I have a scheduled task that generates around 50 transfers per day per user. This is an example transfer that is stored in a transfers collecting in MongoDB:

transfer = {
  _id: 'ObjectId("...")',
  transferScheduleId: 'ObjectId("...")',
  TargetA: 'ObjectId("...")',
  TargetB: 'ObjectId("...")',     <-- optional
  SourceA: 'SourceId("...")',
  SourceB: 'SourceId("...")',     <-- optional
  value: 1234.5678,               <-- can be variable or constant
  date: '1900-01-01'
}

I'm still learning NoSQL/MongoDB so I want to understand more about pros & cons of different ways of storing this data and I'm looking for feedback and ideas.

Goal & Setup: Since my app is meant to scale with more users, I want to efficiently store transfers to reduce cost.

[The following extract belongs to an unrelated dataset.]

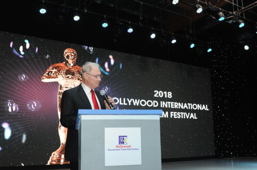 好莱坞是世界著名的影都,好莱坞市前市长Steve Martin 上台讲话。鼓励年轻人热爱电影事业,预祝青年电影节圆满成功!

Transfers are generated in a web app and then stored in MongoDB. This data will be accessed regularly by a user and when a user logs on the array will be sent to a web app via a node.js API w/ mongoose.

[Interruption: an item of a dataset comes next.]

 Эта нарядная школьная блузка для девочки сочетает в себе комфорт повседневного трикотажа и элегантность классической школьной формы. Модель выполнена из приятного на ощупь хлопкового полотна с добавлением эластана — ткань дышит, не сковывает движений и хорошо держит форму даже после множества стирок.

My Question is about storing each transfer and whether to use collections or embedded documents. Given the 16MB limit of a BSON document in MongoDB, I first concluded to store transfer documents in a collection.

Furthermore, a transferSchedule collection has the following properties and is used to configure a transfer:

transferSchedule = {
  _id: 'ObjectId("...")',
  userId: 'ObjectId("...")',
  endDate: '1900-01-01' <-- optional
  startDate: '1900-01-01' 
}

I would rather like embed transfers in a transferSchedule document because I'm assuming that it would be faster to fetch since a user will have up to 50 transferSchedules on his/her profile. I'm also assuming that I could compress the data in an emded document, but more about this in the next paragraph. Is my assumption right ? Is it faster to fetch 50 transferSchedule objects by userId where each has an embedded array of transfers ? Or is faster to fetch all transfers from a collection and find each by transferScheduleId?

Ok, so with embedding, there is still the problem of the 16 MB size limit of the document. To reduce the size of the array, I was thinking of a.) compressing the data in the array, but that will require for every user and transferSchedule to fetch the full compressed array, decompress it, add a new transfer, compress and put it back in the database. Instead I was thinking of b.) create a custom compression algorithm that stores only needed properties to recreate the transfer array in its entirety. The algorithm would only store the start date and end date of known transfer execution and the properties that don't change on all transfers in that time period. Whenever there is a change to the value, source or target, then a new entry is created. Here is what this would look like:

transferSchedule = {
  _id: 'ObjectId("...")',
  userId: 'ObjectId("...")',
  endDate: null                      <-- optional
  startDate: '2019-01-01' 
  transfers: [
    {
      startDate: '2019-01-01',
      endDate: '2019-03-26',        <-- inclusive
      value: 100
      SourceA: 'SourceId("abc123")',
      TargetA: 'ObjectId("def456")',
    },
    {
      startDate: '2019-03-27',
      endDate: '2019-05-03',        <-- current date of most recent transfer
      value: 2000                   <-- change in data between March 26 & 27 
      SourceA: 'SourceId("abc123")',
      TargetA: 'ObjectId("def456")',
    },
  ]
}

When the document is loaded in the web app, the array can be reconstructed using the above transfers array.

I'm not sure if I overthink this. Coming from a SQL background I'm still unsure of the scalability and performance impacts of collections also with regards to CRUD operations. Are any of my approaches valid? I would appreciate any feedback, tips and ideas. Thank you!

0 Answers